I used Madgwick's quaternion method and rendered a cube, but Now I have been facing some issues in the result I got,
The quaternion gets updated for every accelerometer and gyroscope value(even for small changes when the IMU is completely static). This causes the cube rendered to rotate when the IMU unit is static. Fix : I compared the current IMU values with previous values and update the quaternion only when there is notable difference. The issues, I am facing currently are,
After a few rotation, when I bring back the IMU to its original position, I am not getting the same initial rendered result, there has been a big change. Why is this happening, what can be done to nullify this effect?

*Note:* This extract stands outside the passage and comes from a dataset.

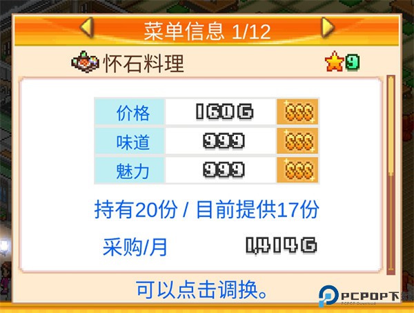 3、而菜品价格也是由八维图的数值直接决定,每个食物都有着其价格、味道、魅力上限,因此在菜品研发上,选择高上限的菜品往往会得到事半功倍的效果!
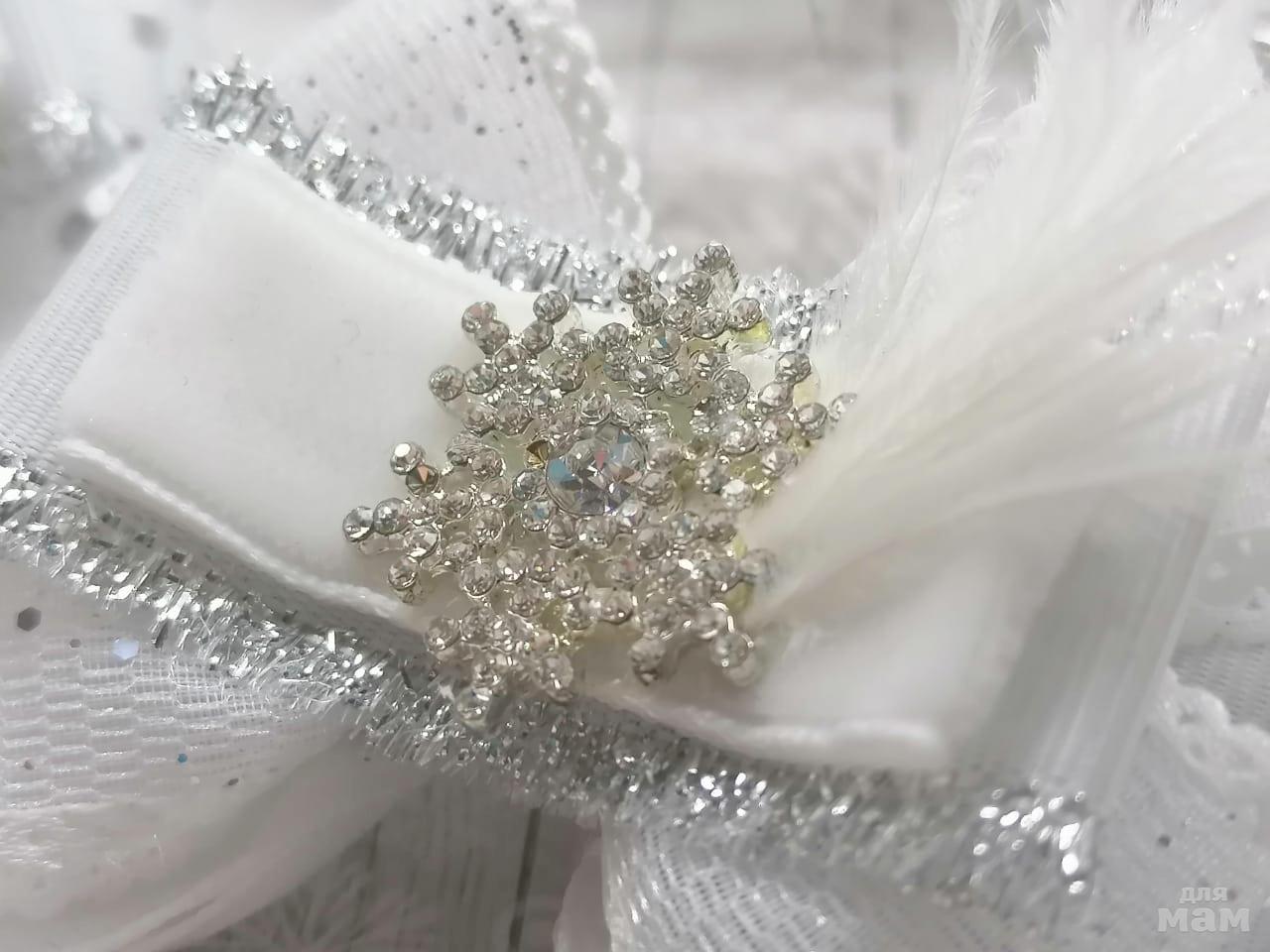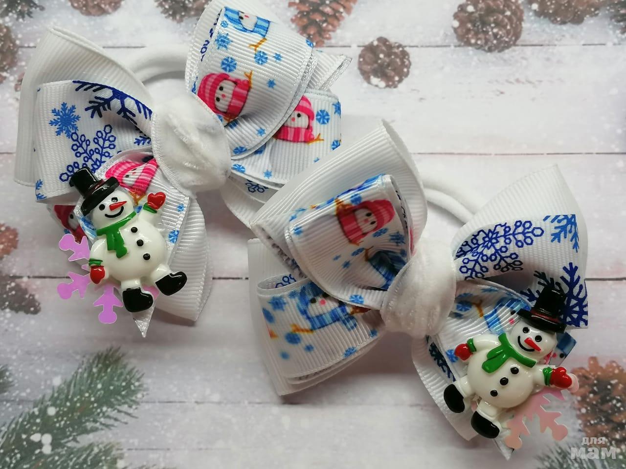 6) Крутецкие зимние бантики. Смотрите какая композиция - просто заснеженная сказка! Размер бантиков по крайним точкам 8 см. Основа на выбор!

When the IMU is rotated faster, the rendering is not proper?
Any help could be really appreciated. Thanks in advance.
From my experience in the past with things like this, your first problem is because of accumulated error. You can't simply "throw away" sensor data like that and expect it work out. This is because the sensors you have - a gyro that measures $\omega$ only gives you the rate of change of $\theta$. True, you're using the accelerometer to correct for this, but there will be some error that creeps in (even if you use an EKF)
What I would suggest for smooth movement is to take the raw gyro values, and interpolate using them. Do not render the cube with the instantaneous gyro reading. Rather, have the gyro reading be an "ideal target value" that you smoothly approach (by using something like exponential smoothing)
One nice way to smooth data like this is to use a damped spring system. Use your current state as the "current angle" of the particle, with the "target angle" being the raw gyro value. Propogate the system using the equations of an ideal, critically damped spring:
$$ \delta \phi = \theta_{current} - \theta_{ideal} \\ \alpha_{t} = -\delta\phi - \omega \\ \omega_{t} = \omega_{t - 1} + \alpha_t . \small \Delta t \\ \theta_{current_{t}} = \theta_{current_{t - 1}} + \omega_t.\Delta t + \frac{1}{2}\alpha_t^2 $$
Here, $\delta \phi = \theta_{current} - \theta_{ideal}$ where $\theta_{current}$ is the current angle of the cube, $\theta_{ideal}$ is the ideal position the cube must have (which is the raw gyro value). $\alpha$ is the angular acceleration, $\omega$ the angular velocity, $\theta$ is the angular position.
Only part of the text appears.